» **What you have to do**: Take the entries below and reproduce exactly the portion that begins at the line containing "STEEL STOCK OIL" and ends at the line containing "İhbar üzerine olay", keeping both ends, dropping pictures, and adding nothing else.

» **Data to use**:
::::

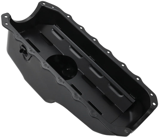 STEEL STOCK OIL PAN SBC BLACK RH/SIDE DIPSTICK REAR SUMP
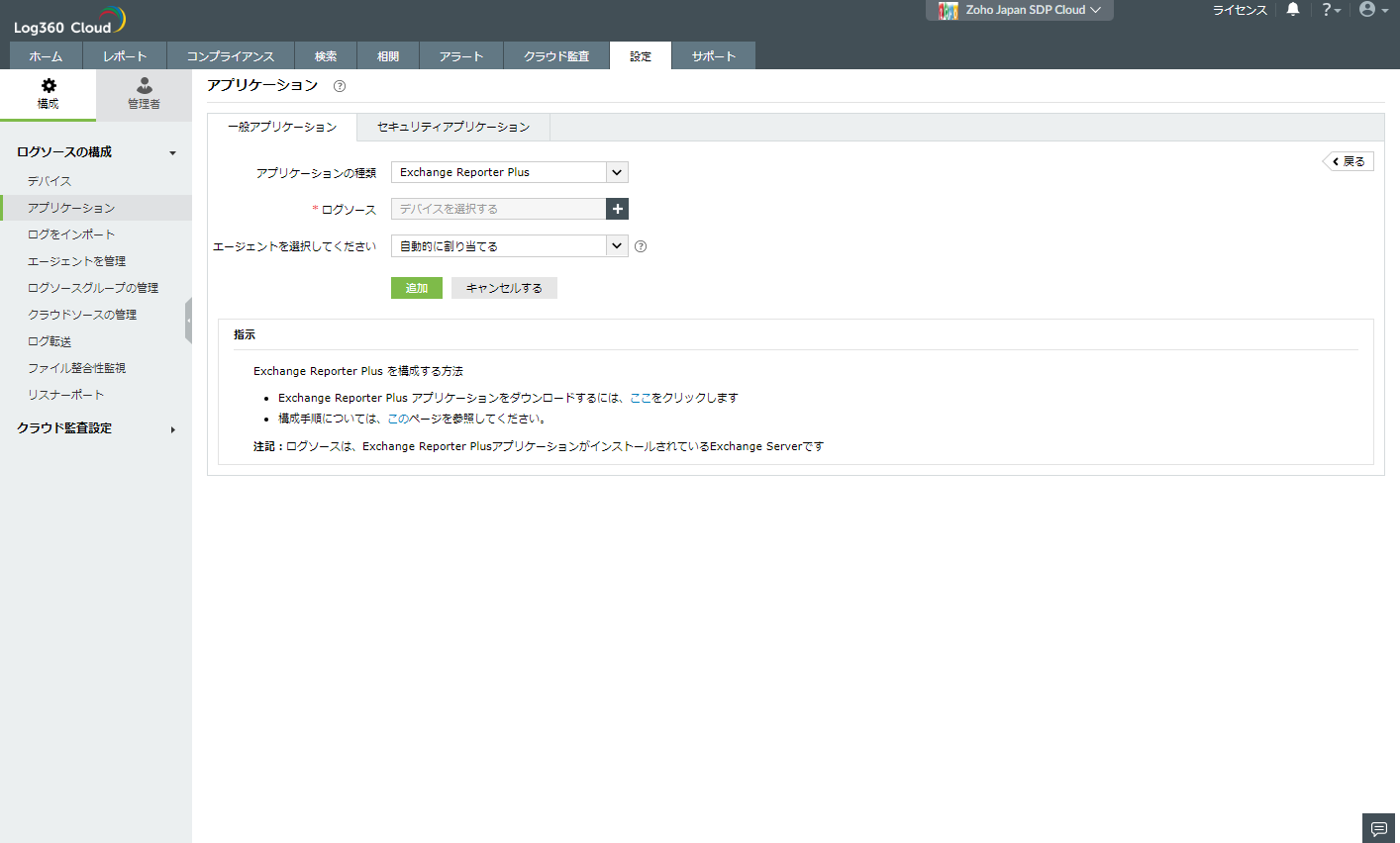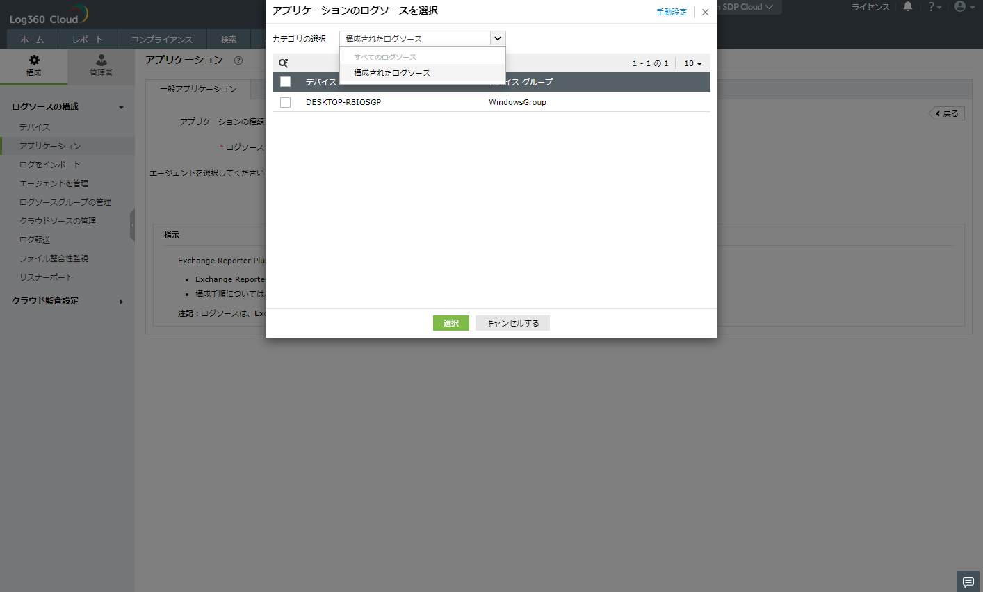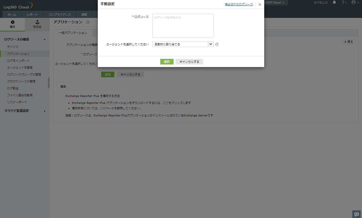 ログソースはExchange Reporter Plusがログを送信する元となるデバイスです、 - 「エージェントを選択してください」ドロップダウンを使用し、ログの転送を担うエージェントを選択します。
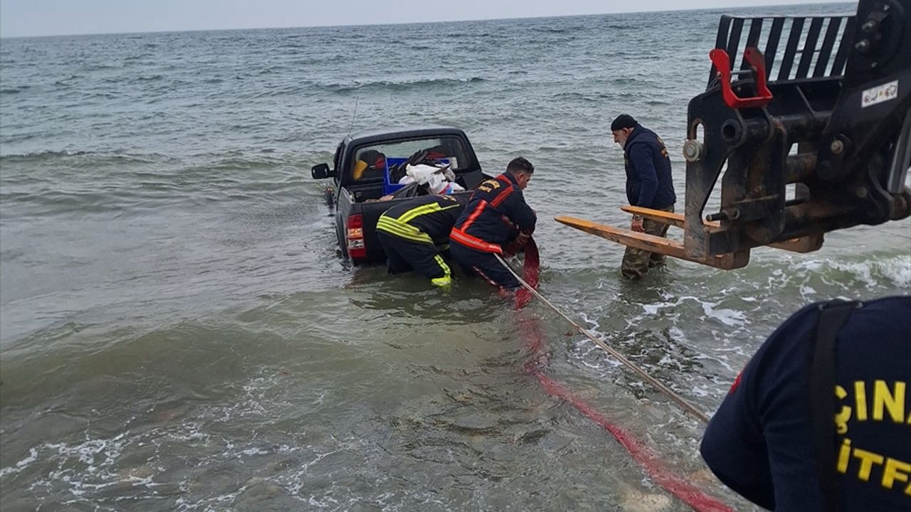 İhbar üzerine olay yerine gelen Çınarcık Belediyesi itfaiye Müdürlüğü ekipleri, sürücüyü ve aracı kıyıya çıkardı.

::::

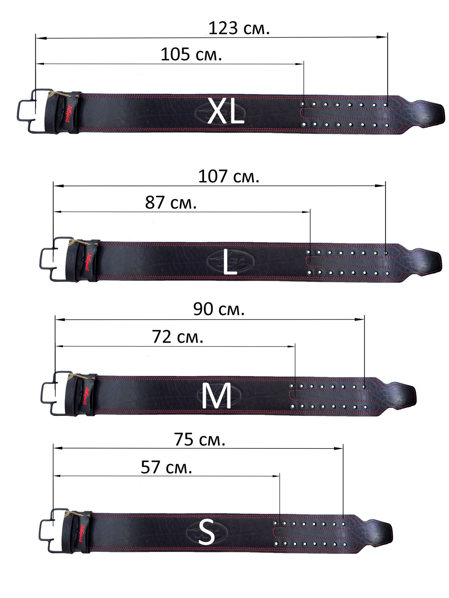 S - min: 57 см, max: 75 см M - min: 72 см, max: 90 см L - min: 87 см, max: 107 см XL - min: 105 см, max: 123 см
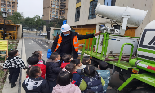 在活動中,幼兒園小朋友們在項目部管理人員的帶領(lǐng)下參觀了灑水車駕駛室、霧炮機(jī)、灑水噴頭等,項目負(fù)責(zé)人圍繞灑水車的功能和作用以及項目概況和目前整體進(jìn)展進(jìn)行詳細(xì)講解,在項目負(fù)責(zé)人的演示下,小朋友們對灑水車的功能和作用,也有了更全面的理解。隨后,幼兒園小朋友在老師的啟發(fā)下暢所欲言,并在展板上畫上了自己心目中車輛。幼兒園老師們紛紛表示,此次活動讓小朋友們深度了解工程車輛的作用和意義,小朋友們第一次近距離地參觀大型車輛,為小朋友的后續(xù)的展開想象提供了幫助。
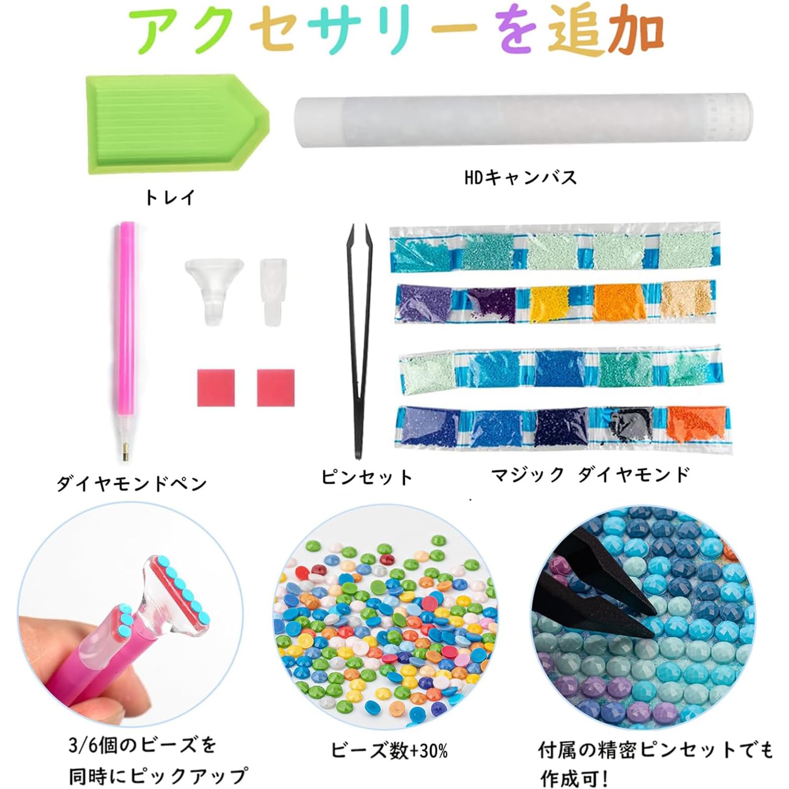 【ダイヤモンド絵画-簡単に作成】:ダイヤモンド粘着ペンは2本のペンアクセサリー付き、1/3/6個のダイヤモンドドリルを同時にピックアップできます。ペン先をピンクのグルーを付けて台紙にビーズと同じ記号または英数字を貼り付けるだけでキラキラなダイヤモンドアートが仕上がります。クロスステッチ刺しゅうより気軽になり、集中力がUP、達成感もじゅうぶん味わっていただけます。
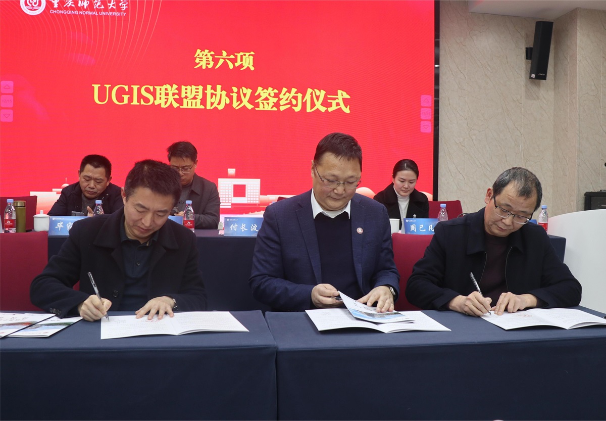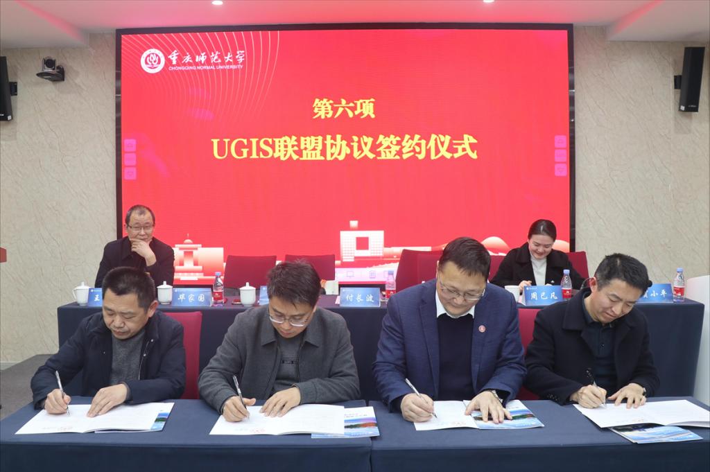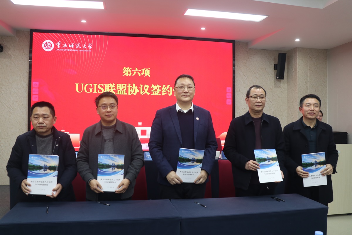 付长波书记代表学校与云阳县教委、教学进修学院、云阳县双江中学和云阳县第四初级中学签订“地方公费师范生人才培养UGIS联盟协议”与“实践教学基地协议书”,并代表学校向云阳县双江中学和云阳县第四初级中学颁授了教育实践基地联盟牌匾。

::::

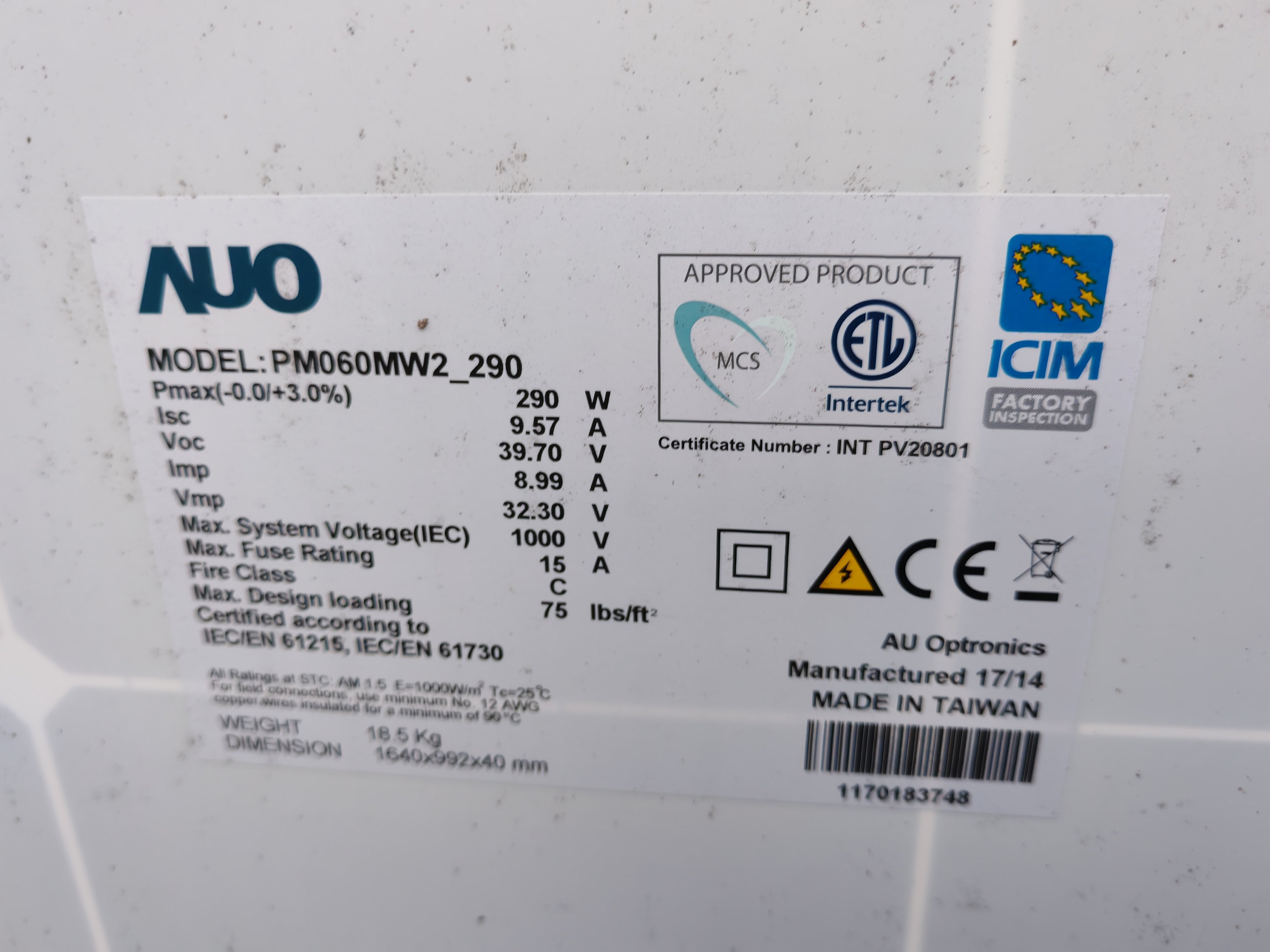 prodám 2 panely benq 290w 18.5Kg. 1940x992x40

::::

» **The completed task**:
 STEEL STOCK OIL PAN SBC BLACK RH/SIDE DIPSTICK REAR SUMP
 ログソースはExchange Reporter Plusがログを送信する元となるデバイスです、 - 「エージェントを選択してください」ドロップダウンを使用し、ログの転送を担うエージェントを選択します。
 İhbar üzerine olay yerine gelen Çınarcık Belediyesi itfaiye Müdürlüğü ekipleri, sürücüyü ve aracı kıyıya çıkardı.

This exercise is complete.